Heart failure is among the greatest challenges of modern medicine and over a lifetime affects approximately one in four people. The company Seling has introduced a technology that enables non-invasive, remote monitoring of so-called filling pressures in the heart – a key indicator of impending deterioration. The aim is to detect problems before prominent symptoms appear and the patient ends up in the hospital.
What today’s telemonitoring does and where it hits its limits
In Germany, a national telemonitoring program is already in operation: patients with more severe disease have a defibrillator implanted, while in others weight, blood pressure, and ECG are monitored and treatment is adjusted based on changes. Such oversight detects the rise in symptoms mainly in the last days before hospitalization. In heart failure, however, problems begin earlier, with a gradual increase in the so-called filling pressures in the heart. It is precisely these internal pressures that are an early signal that standard non-invasive measurements often fail to capture.
How the new filling pressure measurement works
Seling’s solution calculates filling pressures remotely using a standard pulse oximeter that the patient has at home. The measurement is performed in two positions, the data are sent via Bluetooth and the internet to servers, where artificial intelligence algorithms estimate the filling pressures. The technology was validated against the gold standard – right heart catheterization. It is a medical device certified under the EU MDR in class IIb, and the development results are being published in international scientific journals.

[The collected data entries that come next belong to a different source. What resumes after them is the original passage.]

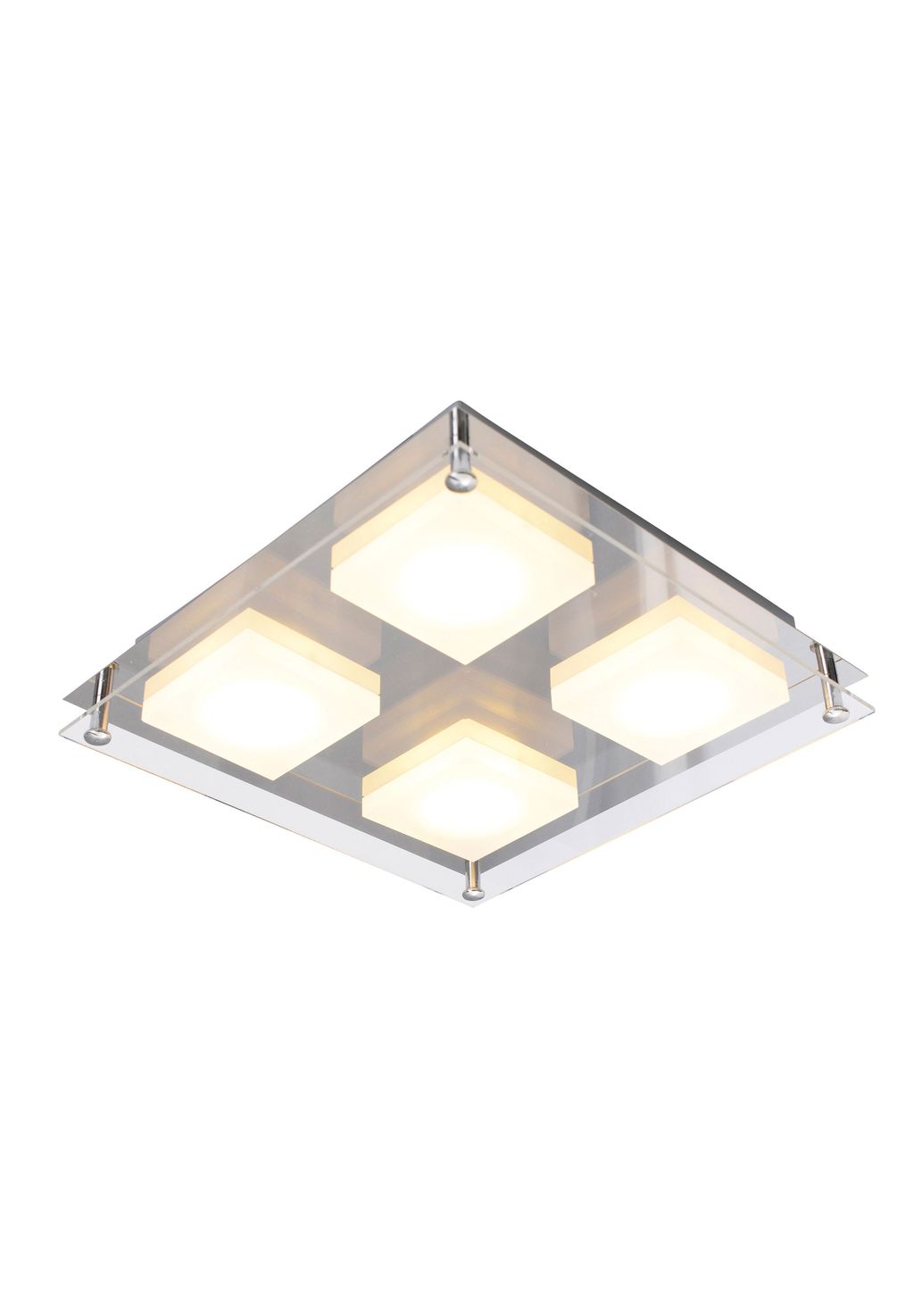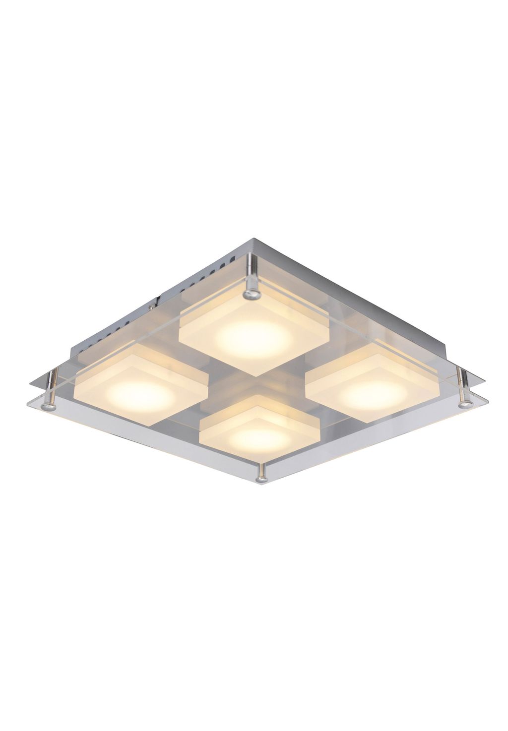 вкл. 4 светодиода 2700 К 1280 лм всего 16 Вт Класс энергоэффективности G IP 20 SK I Размеры: 24 x 24 см, высота: 4,7 см Материал: нержавеющая сталь, акрил Цвет: хром Цвет света: теплый белый
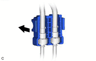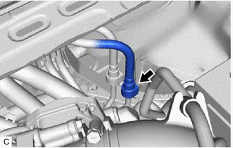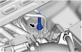 | (e) Disconnect the No. 2 fuel tube sub-assembly (for Direct Injection). (1) Disconnect the No. 2 fuel tube sub-assembly from the fuel pipe. Click here |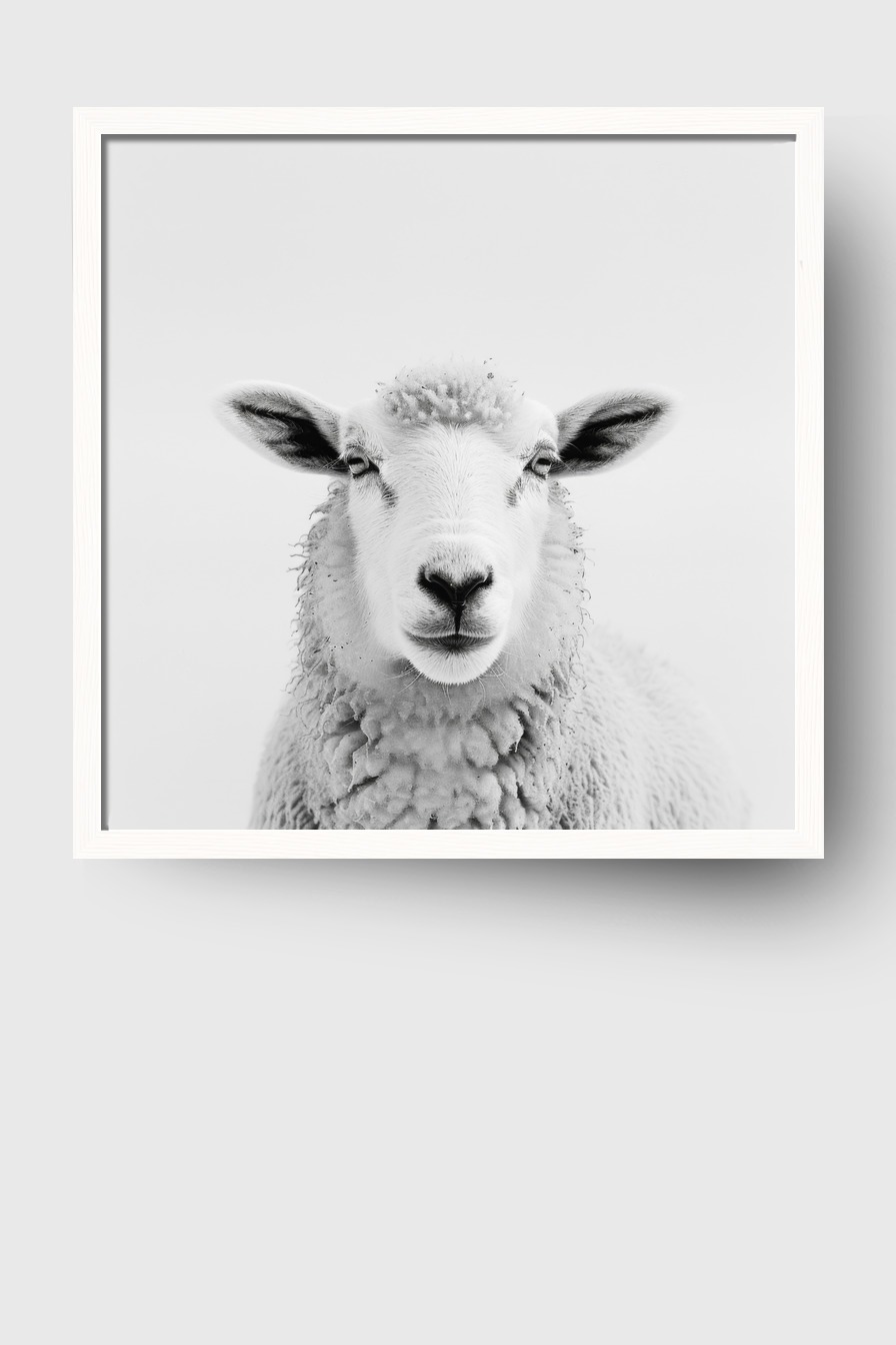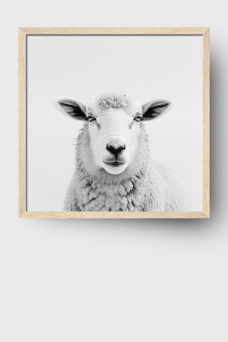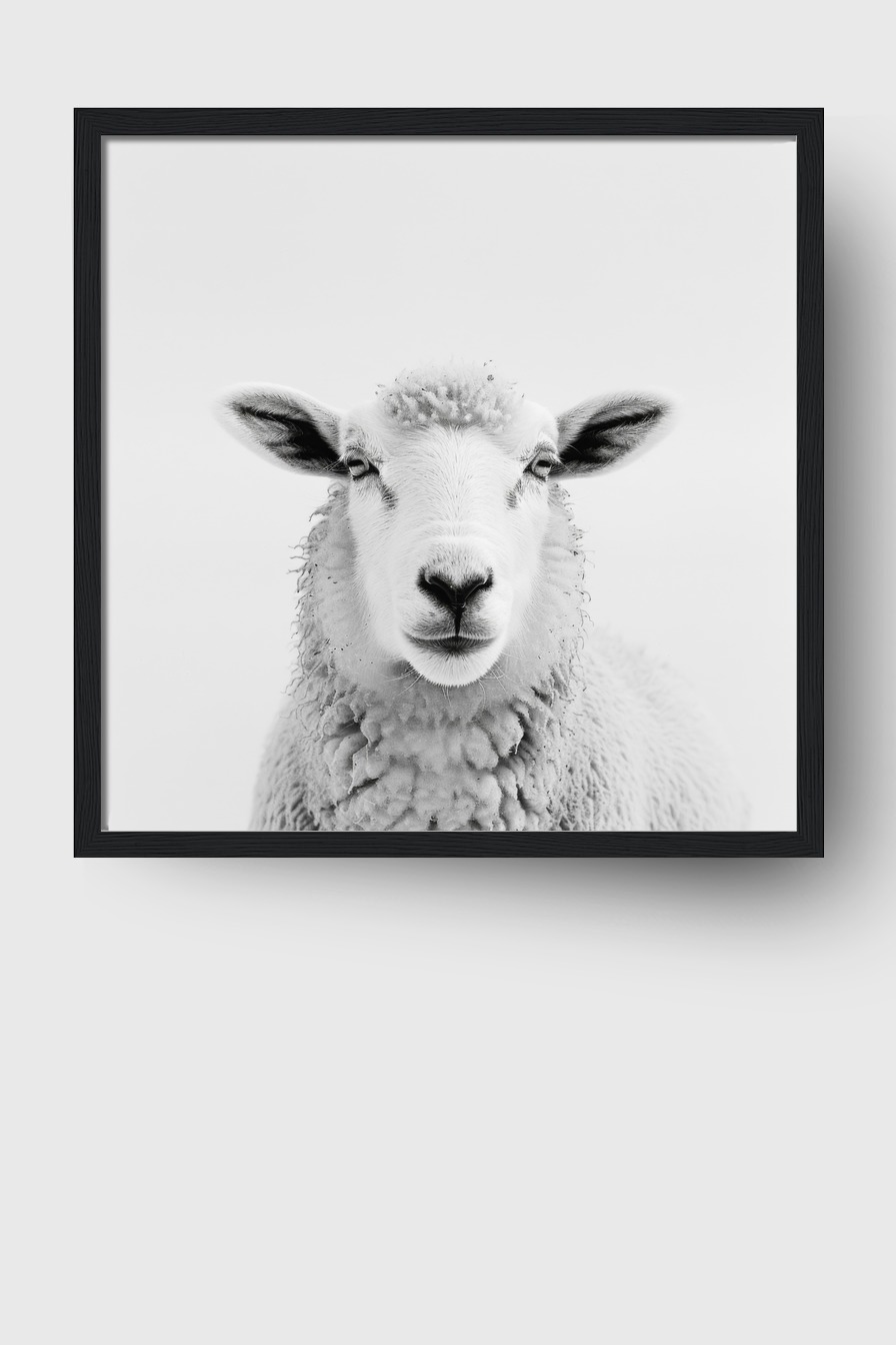 Im Raum zieht das Schaf mit seinem klaren Blick alle Aufmerksamkeit auf sich. Die Ruhe und Symmetrie schaffen eine angenehme Balance und laden zum Verweilen ein.

In Slovakia, more than 700 patients are already in the telemonitoring program, and cardiologists collaborate with them, with a team of doctors and nurses from Seling reporting only clinically important changes. In Germany, the technology is added to the existing telemonitoring as a supplement, and pilots are underway in other countries as well. Preliminary six-month data from the service in Slovakia suggest a significant reduction in hospitalizations and deaths with a relatively low burden: for every 100 patients per month, about 18 phone calls, approximately 10 treatment adjustments, and only a few in-person visits. The team wants to continue with this setup and expand access to care for as many patients as possible.